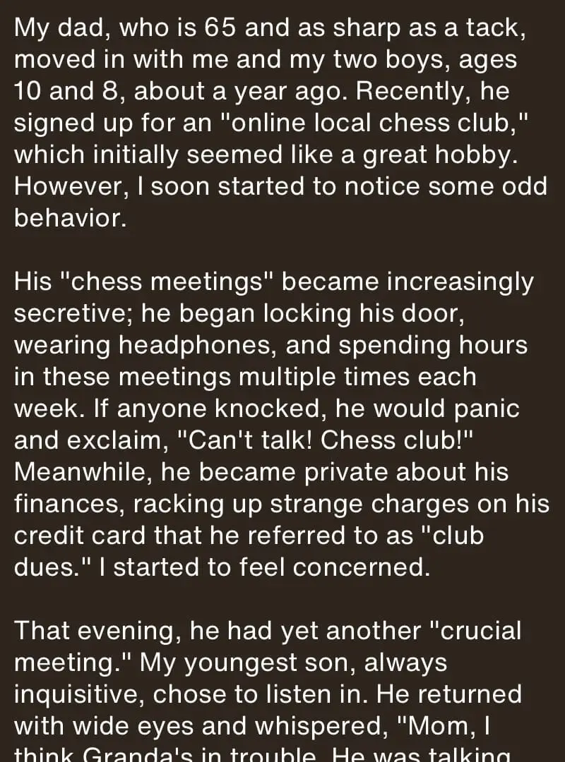 Before I get into the details about my father’s enigmatic “chess club” and what my son overheard, let me set the stage.
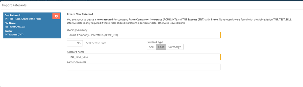 Because we wish to import and create a sell ratecard, simply select the switch and it will change to be the below:
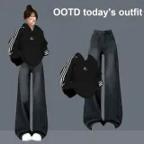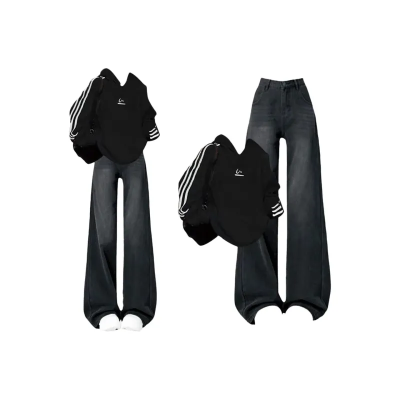 Комплект:Комплект одежды (Три полосы Черный Свитшот + Черные Серые Широкие Джинсы)
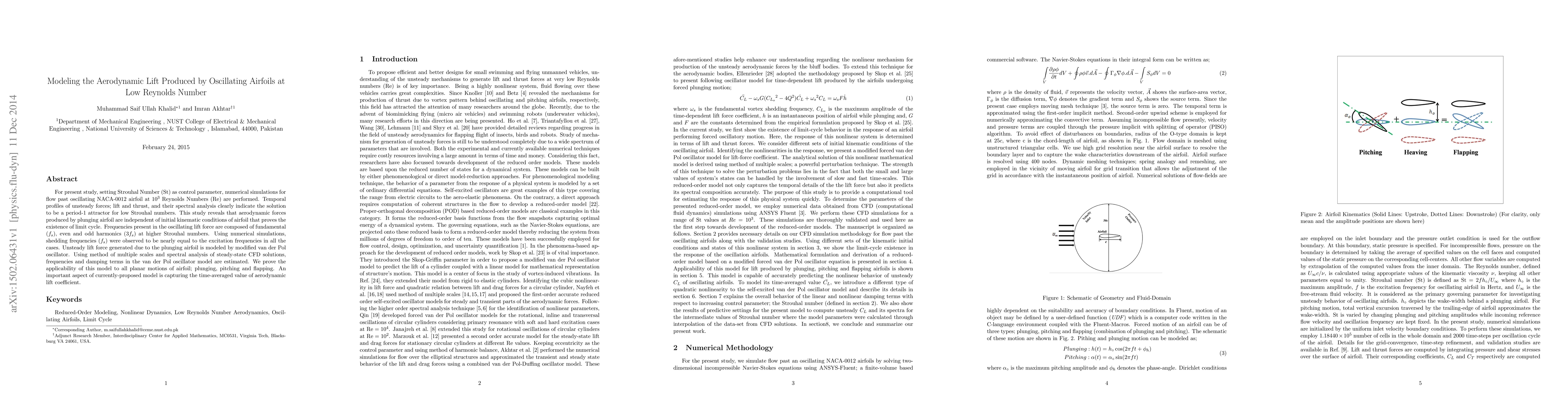 This study numerically models the aerodynamic lift generated by oscillating NACA-0012 airfoils at low Reynolds numbers, revealing a period-1 attractor for low Strouhal numbers and independence of initial kinematic conditions. The lift force is modeled using a modified van der Pol oscillator, capturing fundamental and harmonic frequencies, and validated for various airfoil motions.
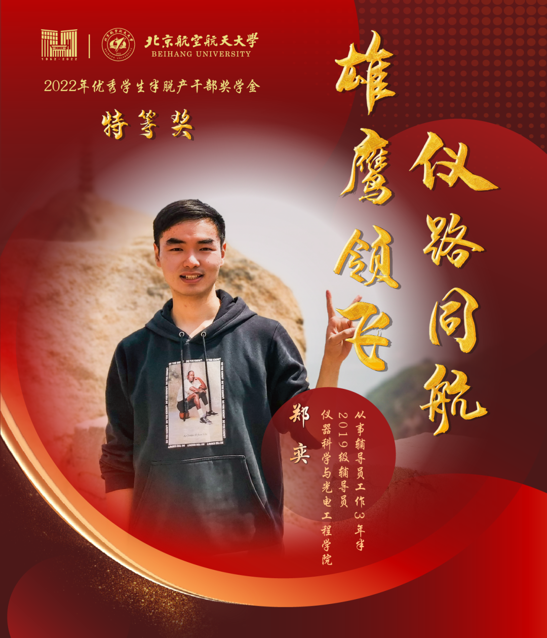 服务专项工作,五育并举多维引领。在学(书)院承担党建、科创、文体、志愿实践等多板块专项工作,担任1917本科生党支部书记,夯实学院“五位一体”科创育人模式,牵头组织北航脊梁系列《永恒》话剧升级和展演,坚持做好各项赛事服务、志愿实践组织保障,助力学院获得“冯如杯”“志愿服务工作先进单位”“文艺工作先进学院”“社会实践工作先进单位”等称号。
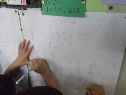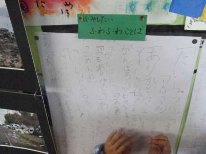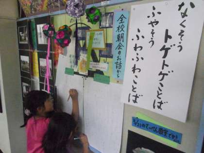 先週に引き続き、今週も全校朝会で「トゲトゲ言葉、ふわふわ言葉」について話しました。そして、校長室に前の廊下に紙を貼っておくので、なくしたいトゲトゲ言葉と増やしたいふわふわ言葉を書いて下さいとお願いしました。すると、子どもたちは何人もやってきて、そこに書き込んでくれます。トゲトゲ言葉の中身をみると、本当に心が痛くなるような言葉ばかりです。絶対になくしたいです。その反対に、ふわふわ言葉を見ると、心が温かくなってきます。山野小学校では、子どもも大人もふわふわ言葉でいっぱいにしたいです。
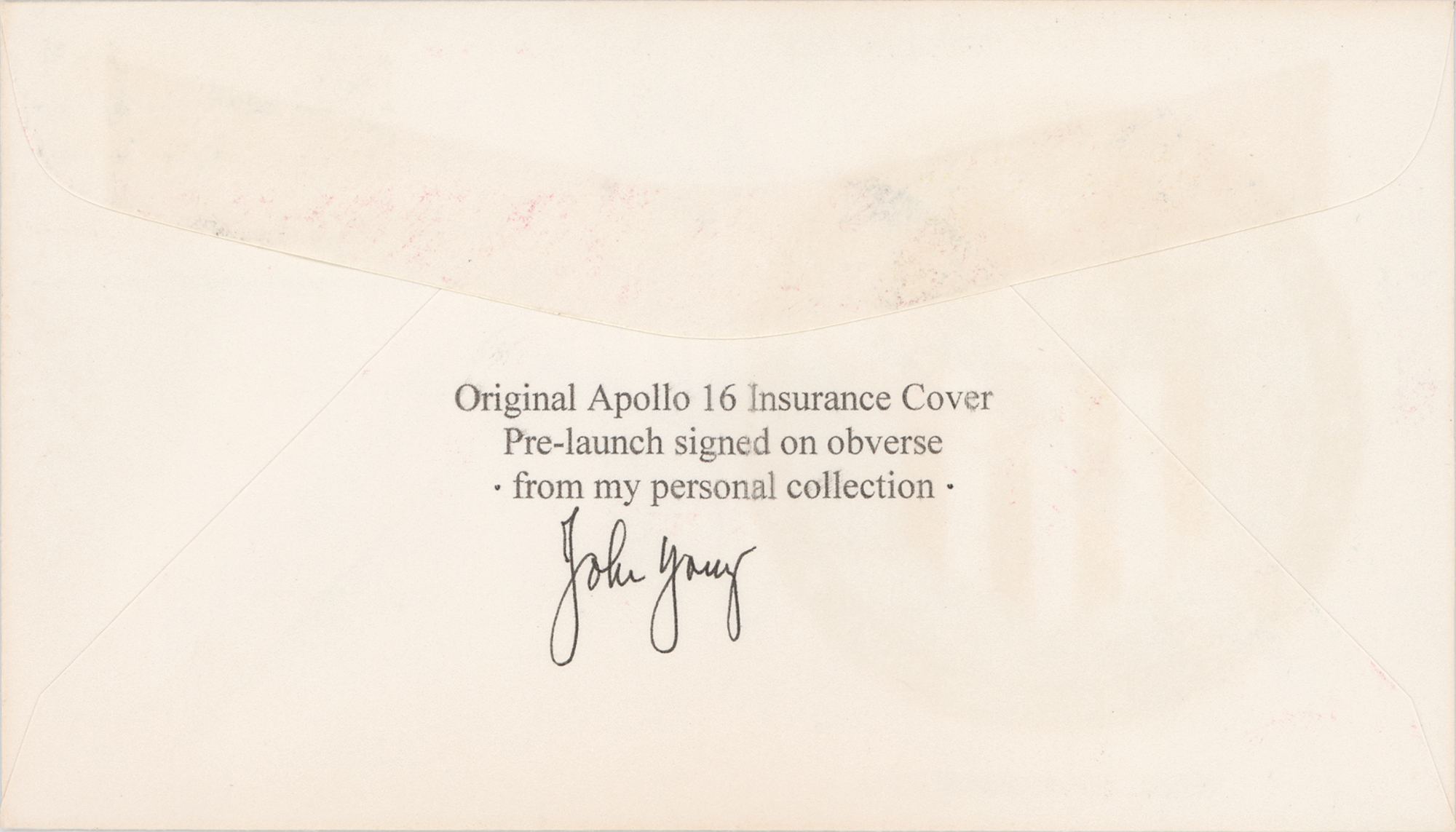 Desirable Apollo 16 insurance cover with a cachet of the mission insignia, bearing an April 16, 1972 launch date postmark at Houston, Texas, signed in black felt tip by John Young. Also stamped on the reverse, "Original Apollo 16 Insurance Cover, Pre-launch signed on obverse from my personal collection," signed below in black ink by Young. In very fine condition. These differ from the crew-signed insurance covers in that they were signed only by Young, carry the Stamp Club cachet (versus the Bishop cachet), and were canceled at Houston, rather than KSC.

=-=-=-=-=

Exercise prompt:
With pictures excluded, the lines running from the one containing "This study numerically" through the last line of the records above are to be restated exactly and in full.

Finished exercise:
 This study numerically models the aerodynamic lift generated by oscillating NACA-0012 airfoils at low Reynolds numbers, revealing a period-1 attractor for low Strouhal numbers and independence of initial kinematic conditions. The lift force is modeled using a modified van der Pol oscillator, capturing fundamental and harmonic frequencies, and validated for various airfoil motions.
 服务专项工作,五育并举多维引领。在学(书)院承担党建、科创、文体、志愿实践等多板块专项工作,担任1917本科生党支部书记,夯实学院“五位一体”科创育人模式,牵头组织北航脊梁系列《永恒》话剧升级和展演,坚持做好各项赛事服务、志愿实践组织保障,助力学院获得“冯如杯”“志愿服务工作先进单位”“文艺工作先进学院”“社会实践工作先进单位”等称号。
 先週に引き続き、今週も全校朝会で「トゲトゲ言葉、ふわふわ言葉」について話しました。そして、校長室に前の廊下に紙を貼っておくので、なくしたいトゲトゲ言葉と増やしたいふわふわ言葉を書いて下さいとお願いしました。すると、子どもたちは何人もやってきて、そこに書き込んでくれます。トゲトゲ言葉の中身をみると、本当に心が痛くなるような言葉ばかりです。絶対になくしたいです。その反対に、ふわふわ言葉を見ると、心が温かくなってきます。山野小学校では、子どもも大人もふわふわ言葉でいっぱいにしたいです。
 Desirable Apollo 16 insurance cover with a cachet of the mission insignia, bearing an April 16, 1972 launch date postmark at Houston, Texas, signed in black felt tip by John Young. Also stamped on the reverse, "Original Apollo 16 Insurance Cover, Pre-launch signed on obverse from my personal collection," signed below in black ink by Young. In very fine condition. These differ from the crew-signed insurance covers in that they were signed only by Young, carry the Stamp Club cachet (versus the Bishop cachet), and were canceled at Houston, rather than KSC.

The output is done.